How many watts per gallon did you upgrade to? Generally, 8 hours is as long as you need to light a tank for the plants benefit, so going longer is largely so you have more time to enjoy the tank. And, having adequate fertilizing, including CO2 available as soon as you increase the light intensity is more important than trying to slowly increase the light duration. (My opinions only, of course.)


----------



## Demise (Aug 5, 2007)

hoppycalif said:


> How many watts per gallon did you upgrade to? Generally, 8 hours is as long as you need to light a tank for the plants benefit, so going longer is largely so you have more time to enjoy the tank. And, having adequate fertilizing, including CO2 available as soon as you increase the light intensity is more important than trying to slowly increase the light duration. (My opinions only, of course.)


Oops, I upgraded to 4 watts per gallon using 2 Coralife PC 50/50 bulbs


----------



## goalcreas (Nov 20, 2006)

Ambulia is much more BRIGHT GREEN bordering on dark green and grows much fuller then cabomba.
I do love cabomba and have it in many tanks, but once I got ahold of Ambulia, my love switched.
I can really see a big difference in the two, at least when grown in my tanks.
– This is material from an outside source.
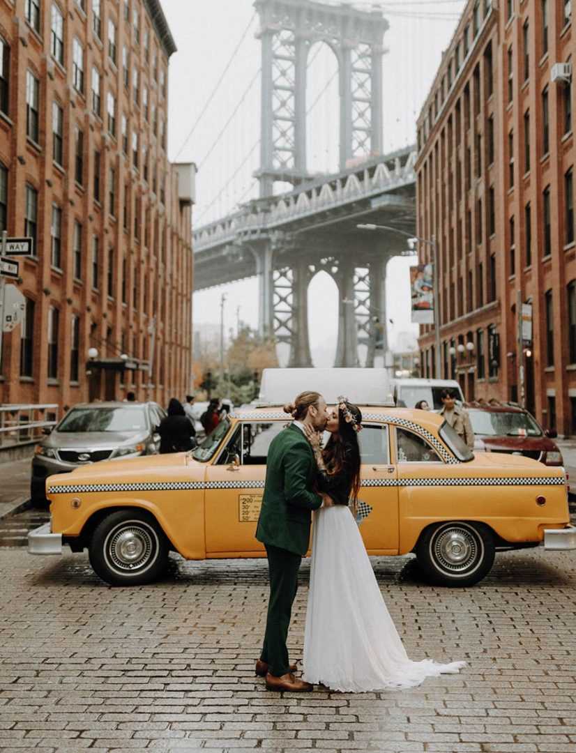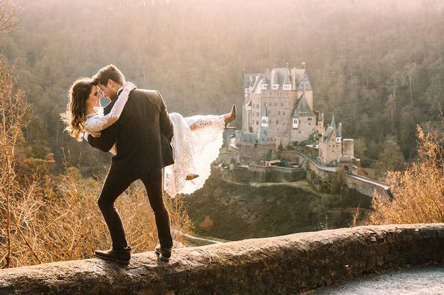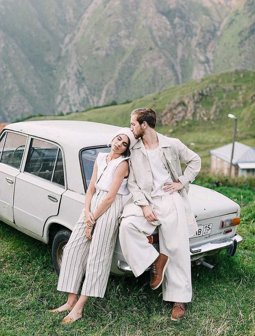 Наконец, в поисках удачных поз для свадебной фотосессии, не брезгуйте «реквизитом», попадающимся на пути: деревьями, валунами, травой, стенами и машинами (в городе):

Your 4 wpg is now high light, do you only use excel and no co2 injection.

with that WPG it would do you good to at least do a DIY Co2, see the DIY section, they are easy to make and you can get it going pretty cheaply.

Get that going and ease into the light, if you are only home in the evenings, then have your tank turn on at 5pm and off at 9pm so you can enjoy it.

I think you will find that even with co2 in a small tank that 6 to 7 hours will end up being enough light for you and will help to restrict algae blooms and keep you from having to trim your plants every other day. Stems like ambulia grow really quickly and can grow to the surface and drape over and limit light to lower plants, but if given less photoperiod it won't happen too quickly.
I like to try to give my plants / tanks just enough light to keep them fully healthy and no more, so some tanks get 5.5 hours and others get a full 9, and the more plants in the tank, the more light they get.

Also keep in mind that Java fern does will in low light conditions and algae can grow easily on the leaves if not shaded and exposed to too much / long light daily.

based on what I know so far, I would say get DIY co2 going ( a must for you high light ) and to do 5 hours for a week and observe. If you get hugh amounts of unwanted ugly algae, then back off and figure out what the imbalance is. Maybe limit Pfertz to one pump a day instead of two, and back off to 4 hours of light and get your tank to just be happy all around.
Once that happens, then go up an hour for a few days, then another hour in a few days and when you are at 7, leave it there for a bit and see what happens. If everything is doing well, you might leave it there and save on electricity and bulb life, if you see plants stunted or not growing well (not slowly, but yellowing or falling apart or just looking poor) then you might add another hour, but I doubt that will be the case


----------



## goalcreas (Nov 20, 2006)

WAIT a MINUTE.

You have the WRONG LOGHT BULBS

50/50, you are saying that one half of the bulb is BLUE?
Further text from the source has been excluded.